No errors (on this topic) between both.

Additional information: Using port-forwarding on EdgeRouter X port 8123 and 443 to RPI 3b+.

sabbatho commented 5 years ago

Hi, I have similar problem, for me nothing through https and duckdns will work. http and duckdns works so i am using http at the moment. Same error message in logs as Rick

Error doing job: SSL error errno:1 reason: SSLV3_ALERT_CERTIFICATE_UNKNOWN

15:11 /usr/local/lib/python3.7/site-packages/homeassistant/core.py (ERROR) - message first occured at 15:06 and shows up 23 times

Error doing job: SSL handshake failed

15:11 /usr/local/lib/python3.7/site-packages/homeassistant/core.py (ERROR) - message first occured at 15:06 and shows up 24 times

Thanks

harfordhawk commented 5 years ago

same here . tried many things disabling, etc, nothing helps. i can log in fine thru https but thousands of errors in log

akovano commented 5 years ago

Same here, and I don't use the duckdns add on, just using a Let's Encrypt wildcard cert I pulled from another machine. SSL is completely broken!

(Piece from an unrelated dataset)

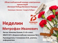 В номинации «Земляки – Солдаты Победы» - победитель Шишова Ксения, 8 "Б" класс МБОУ БГО "Борисоглебская гимназия №1" (руководитель: Степаненко О.В., учитель информатики).

chelming commented 5 years ago

What are you trying to connect from? Is it possible that only TLS 1.3 is being allowed and you're connecting with a device that doesn't support TLS 1.3?

akovano commented 5 years ago

I am connecting from Macbook/OSX High Sierra

So I just ran the following command to make sure TLS 1.3 was enabled from OSX: sudo defaults write /Library/Preferences/com.apple.networkd tcp_connect_enable_tls13 1

I then restarted and went to link below to verify TLS 1.3 capability: https://www.ssllabs.com/ssltest/viewMyClient.html

I then re-enabled https in configuration.yaml, restarted Homeassistant, and I can connect via https to the UI now. To be honest I'm not sure if it was the OSX TLS change or the restart that did it, but if others want to try the same and report back, we'll know if that was the issue.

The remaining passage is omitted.